Mit den drei Fragen zur „psychosozialen Lebenssituation“ will die Klinik laut Beck die knapp fünf Prozent der Patienten, die gefragt wurden, ob ihnen Gewalt angetan wird oder wurde, „etwas in die Höhe kriegen“. Wie der Psychologe weiß, sei es wichtig, Opfer frühzeitig zu erkennen, um ihnen helfen zu können, denn es gebe eine ganze Palette an Folgeerkrankungen, an denen Gewaltopfer zu leiden drohten. „Und damit sind nicht nur sichtbare körperliche Verletzungen gemeint.“
Seit etwas mehr als einem halben Jahr wird das neue Verfahren also getestet, etwa 5000 Patienten sind in dieser Zeit befragt worden. Österreichweit ist die Innsbrucker Klinik das erste große Krankenhaus mit einem derartigen Routinetest. In den ersten 20 Wochen gaben 15 der Befragten Patienten an, Angst und Unbehagen erlebt zu haben, bei 21 durfte ein gewisser Mensch nicht über den Klinikaufenthalt Bescheid wissen. Und 262 Befragte führten an, dass es niemanden gebe, der über den Besuch der Ambulanz informiert sei.

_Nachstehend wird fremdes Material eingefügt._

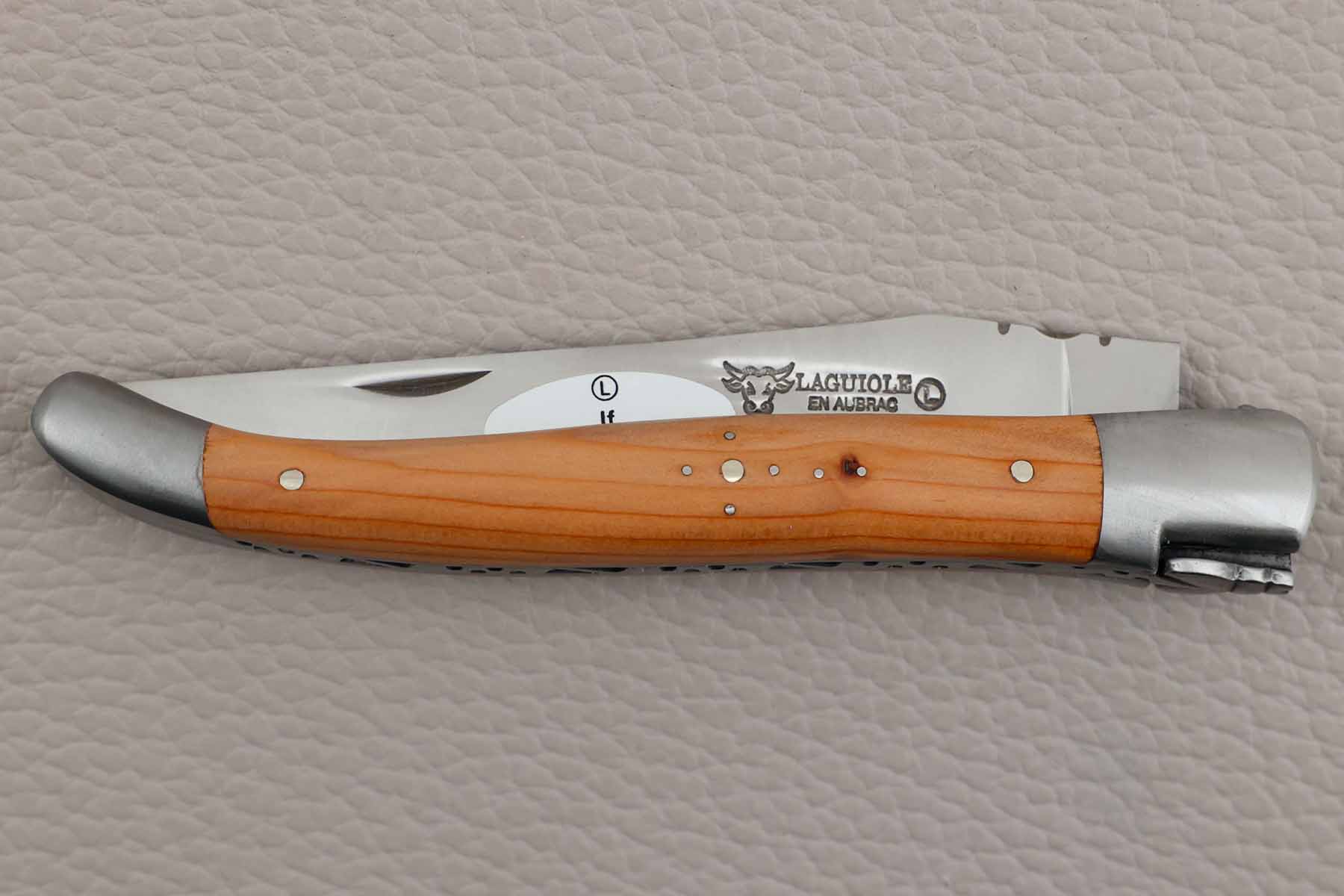 Couteau Laguiole en Aubrac 12 cm - double mitres manche en If - Ressort forgé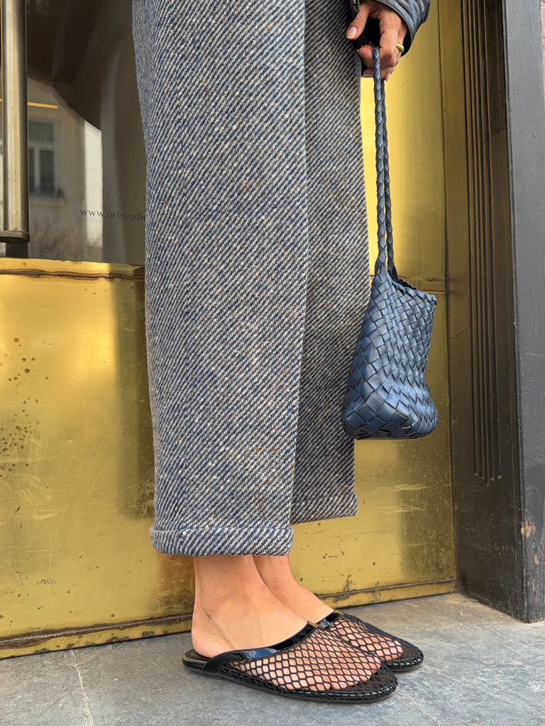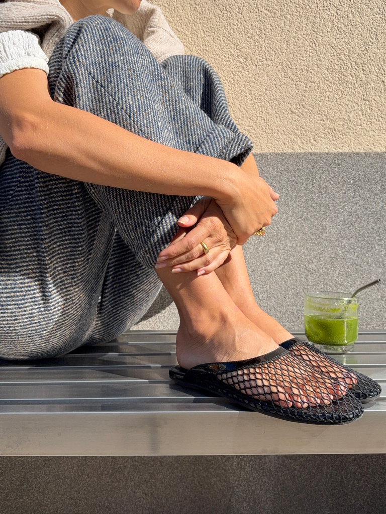 BLACK OPENWORK MESH MULES WITH BREATHABLE FINISH

Die Opferschutzgruppe, die sich auch das Ziel gesetzt hat, die Belegschaft für den Umgang mit Gewaltopfern zu sensibilisieren und sie besser zu schulen, gibt es seit dem Jahr 2013. 900 Mitarbeiter sind mittlerweile dahingehend ausgebildet worden, allein 250 Teilnehmer hatte das Fortbildungsprogramm heuer. Andrea Hohenegger ist Ambulanzleiterin in der Unfallchirurgie sowie stellvertretende Vorsitzende der Opferschutzgruppe und weiß: „Es ist wichtig, dass alle Mitarbeiter aus allen Bereichen den Umgang mit den Betroffenen lernen.“ Gewaltopfer müssten „erkannt und benannt werden“. Außerdem müsse den Mitarbeitern klar werden, dass diese Menschen aufgrund ihrer Historie „Hilfe nur schwer annehmen können. Das ist ein langer Prozess.“
Gewaltopfer zu erkennen und den Mitarbeitern zu vermitteln, sensibel mit ihnen umzugehen, sei das eine, meint Alexandra Kofler, ärztliche Direktorin der Klinik Innsbruck. Wichtig sei es aber auch, diesen Menschen nach ihrem Klinikaufenthalt Hilfe zu vermitteln. „Deshalb gibt es seit Kurzem eine Kooperation mit dem Gewaltschutzzentrum Tirol.“ Dessen Sozialarbeiter kämen in das Krankenhaus und würden bereits während des stationären Aufenthalts Beratungen anbieten.
Die Innsbrucker Klinik hat beim Thema Gewaltschutz bundesweit eine Vorreiterrolle inne. Unter Federführung der Opferschutzgruppe wird derzeit im Auftrag des Gesundheitsministeriums ein Konzept entwickelt, auf dessen Basis Krankenhäuser in ganz Österreich ähnliche Anlaufstellen schaffen können. „Patienten nach Gewalt zu fragen, darf kein Tabu mehr sein, sondern muss Routine werden“, sagt Thomas Beck.